>>>>>
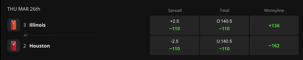 Houston opens as a 2.5-point favorite and holds -162 moneyline odds on DraftKings Sportsbook. Illinois has +136 odds to pull off the upset, with the game total set at 140.5 points.
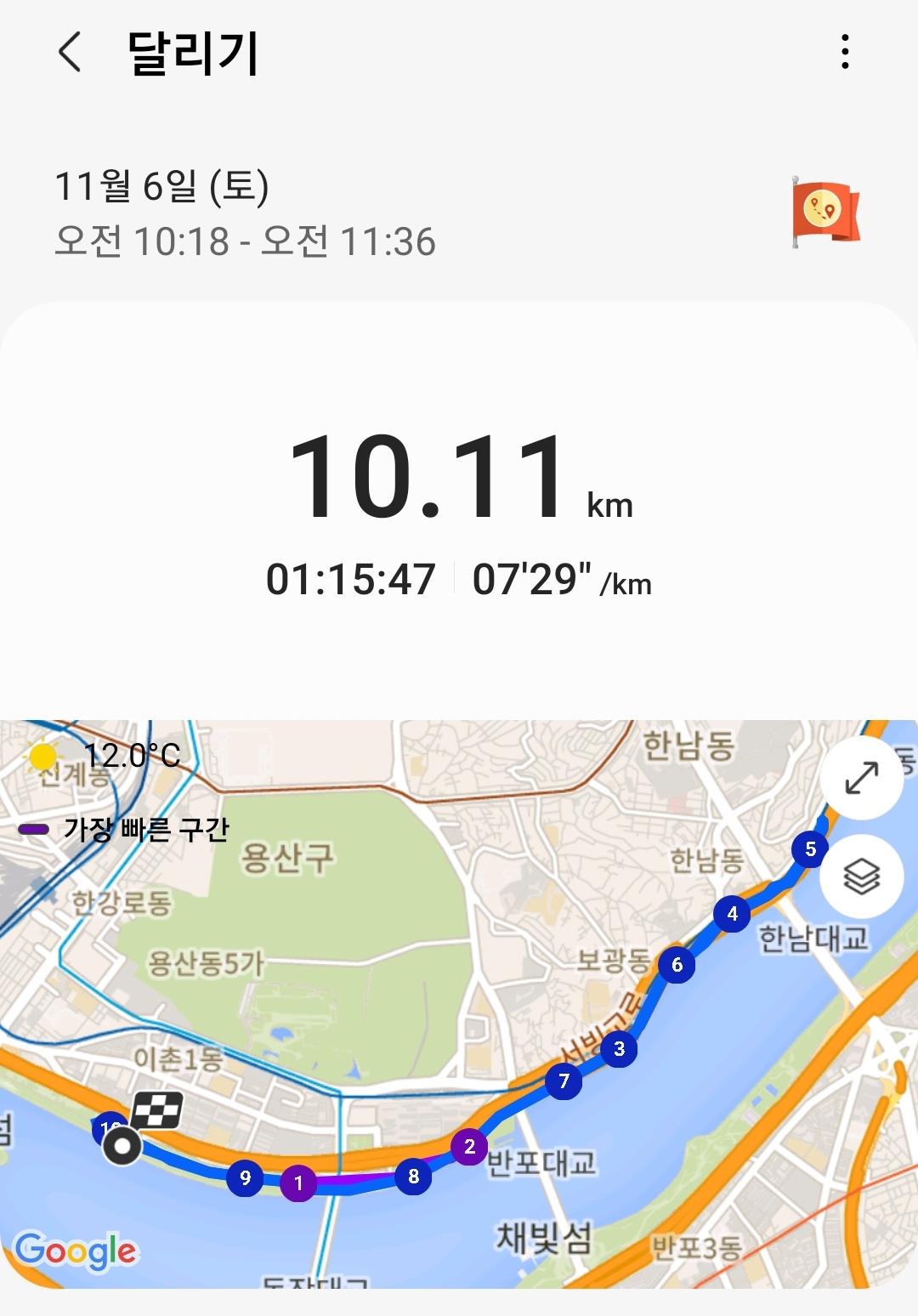 한강시민공원 이촌에서 한남 방면으로 뛰었다가 다시 돌아오는 코스였고요!
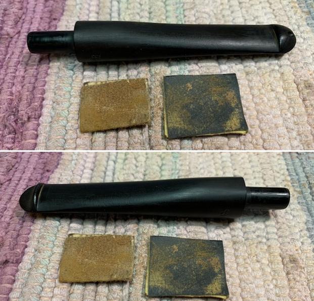 Next, the full regimen of 9 micromesh pads is used starting with wet sanding with pads 1500 to 2400. Following the wet sanding is dry sanding with pads 3200 to 4000 and 6000 to 12000. I apply Obsidian Oil between each set of 3 pads to further condition the stem and to guard the vulcanite from developing oxidation.
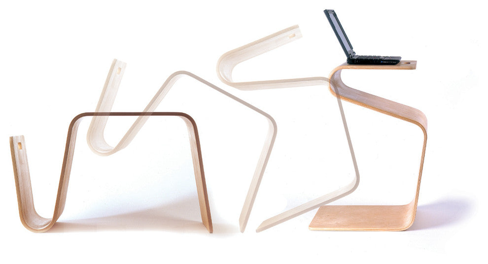 Description:The Offi Mag Table in Birch is a versatile modern table of a thick bent ply design. The organic curves and natural wood make it very appealing. It is designed as a multi-functional table to be used as a side table, magazine rack, or flip it for a laptop table. It has space for magazines in the curve, or flipped up for a workspace to place a laptop, or as a modern bench. The modern Mag table is extremely durable, high quality, and a classic bent ply design. The natural edge and beautiful wood veneers, along with the shapely curves has made the Mag table a mainstay in the modern home since 2001. Materials:Molded thin-ply in Baltic Birch Dimensions:26" W x 14" D x 16" High
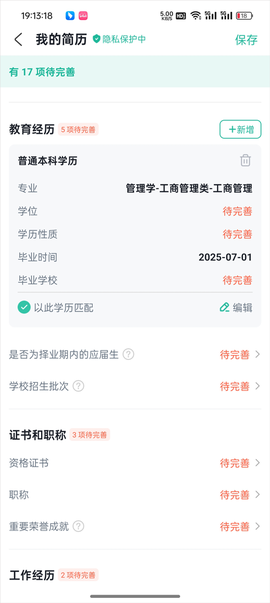 2、在简历页面中找到教育经历部分,选择你想要修改的学历条目,点击“学历”进入详细信息编辑界面。
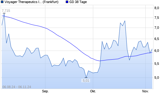 Mit dem Rücksetzer auf 5,90 EUR hat die Voyager Therapeutics-Aktie am 05.11.2024 die 38-Tage-Linie nach unten gekreuzt.
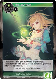 Choose one - You gain 1000 life; or put target resonator with total cost 2 or less from your graveyard into your field rested.
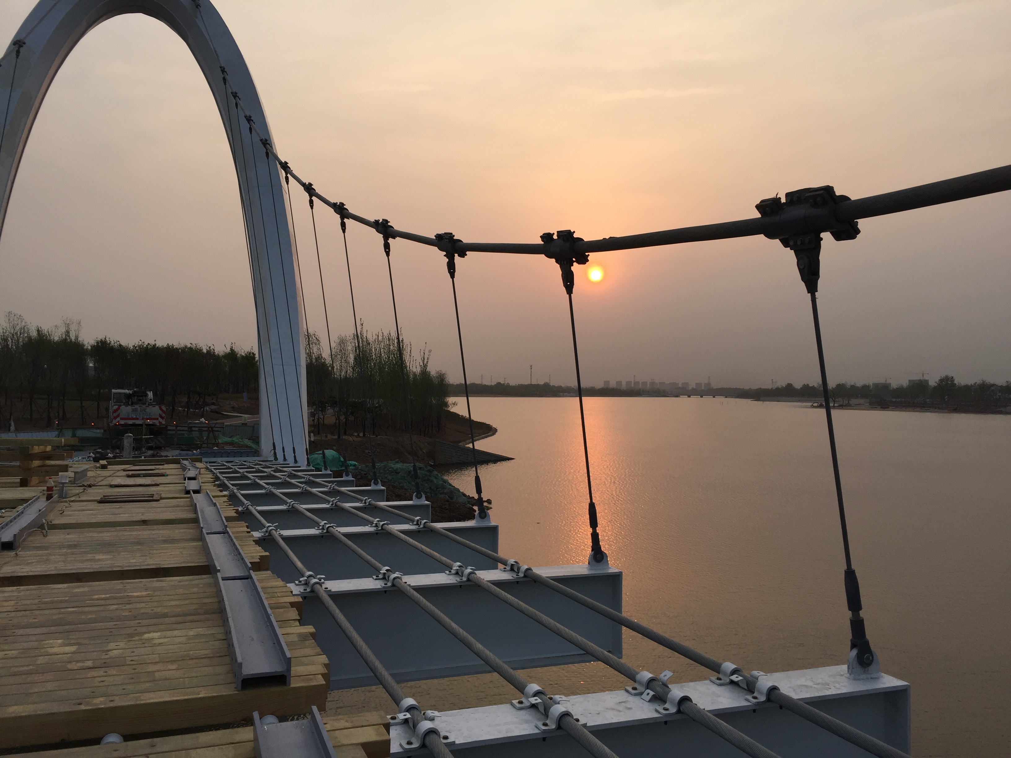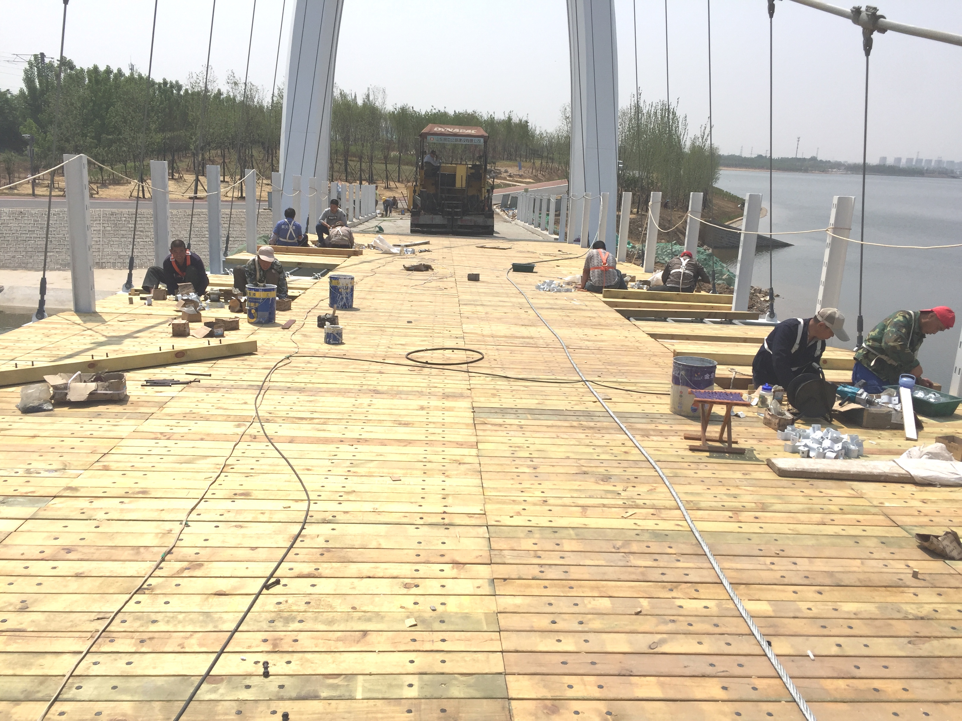 2017年5月9日,懸索橋防腐木鋪裝接近尾聲。
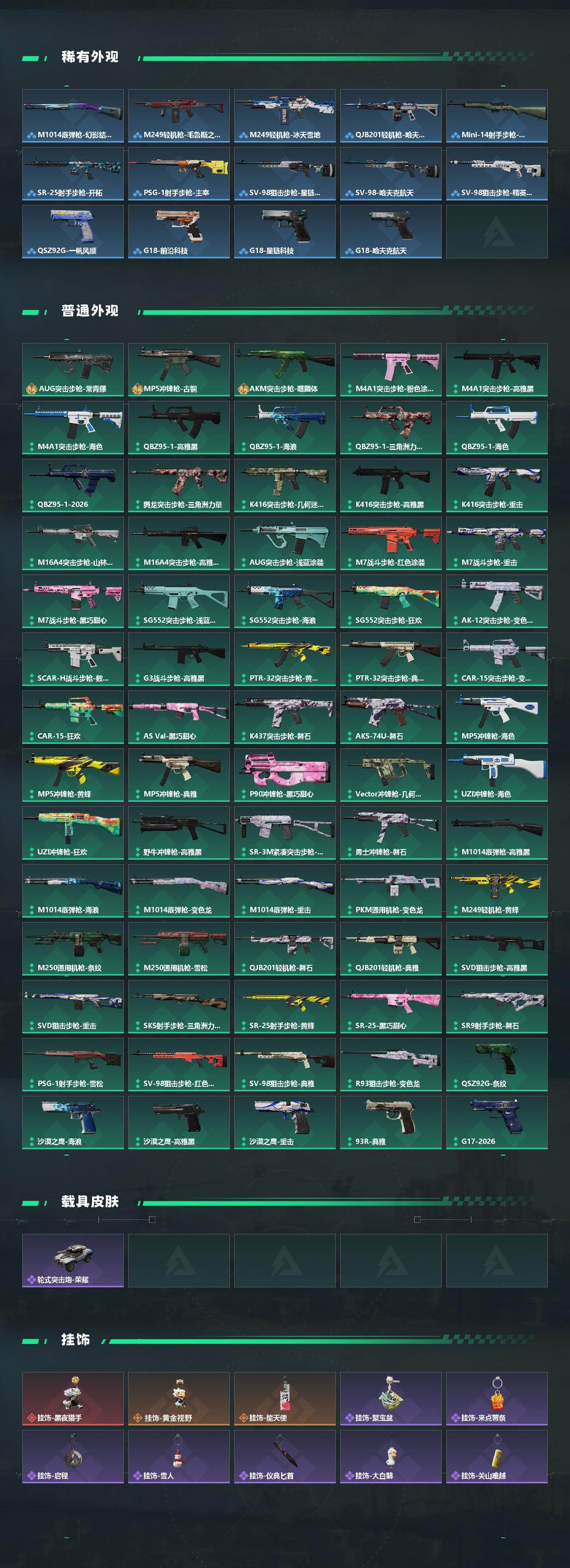 【传说外观】:M4A1突击步枪-蚀金玫瑰,M4A1突击步枪-阿米娅,AKM突击步枪-锦绣,ASh-12战斗步枪-鹅鸭杀,SG552突击步枪-运动员,SCAR-H战斗步枪-启航,SCAR-H战斗步枪-荼蘼,G3战斗步枪-骑士,腾龙突击步枪-捞点薯条,腾龙突击步枪-万金泪冠,K437突击步枪-锦绣,KC17突击步枪-电锯惊魂,Vect
<<<<<
## EXERCISE DIRECTIONS
All records above should be duplicated exactly, with the pictures omitted.

## RESPONSE TO THIS TASK
 Houston opens as a 2.5-point favorite and holds -162 moneyline odds on DraftKings Sportsbook. Illinois has +136 odds to pull off the upset, with the game total set at 140.5 points.
 한강시민공원 이촌에서 한남 방면으로 뛰었다가 다시 돌아오는 코스였고요!
 Next, the full regimen of 9 micromesh pads is used starting with wet sanding with pads 1500 to 2400. Following the wet sanding is dry sanding with pads 3200 to 4000 and 6000 to 12000. I apply Obsidian Oil between each set of 3 pads to further condition the stem and to guard the vulcanite from developing oxidation.
 Description:The Offi Mag Table in Birch is a versatile modern table of a thick bent ply design. The organic curves and natural wood make it very appealing. It is designed as a multi-functional table to be used as a side table, magazine rack, or flip it for a laptop table. It has space for magazines in the curve, or flipped up for a workspace to place a laptop, or as a modern bench. The modern Mag table is extremely durable, high quality, and a classic bent ply design. The natural edge and beautiful wood veneers, along with the shapely curves has made the Mag table a mainstay in the modern home since 2001. Materials:Molded thin-ply in Baltic Birch Dimensions:26" W x 14" D x 16" High
 2、在简历页面中找到教育经历部分,选择你想要修改的学历条目,点击“学历”进入详细信息编辑界面。
 Mit dem Rücksetzer auf 5,90 EUR hat die Voyager Therapeutics-Aktie am 05.11.2024 die 38-Tage-Linie nach unten gekreuzt.
 Choose one - You gain 1000 life; or put target resonator with total cost 2 or less from your graveyard into your field rested.
 2017年5月9日,懸索橋防腐木鋪裝接近尾聲。
 【传说外观】:M4A1突击步枪-蚀金玫瑰,M4A1突击步枪-阿米娅,AKM突击步枪-锦绣,ASh-12战斗步枪-鹅鸭杀,SG552突击步枪-运动员,SCAR-H战斗步枪-启航,SCAR-H战斗步枪-荼蘼,G3战斗步枪-骑士,腾龙突击步枪-捞点薯条,腾龙突击步枪-万金泪冠,K437突击步枪-锦绣,KC17突击步枪-电锯惊魂,Vect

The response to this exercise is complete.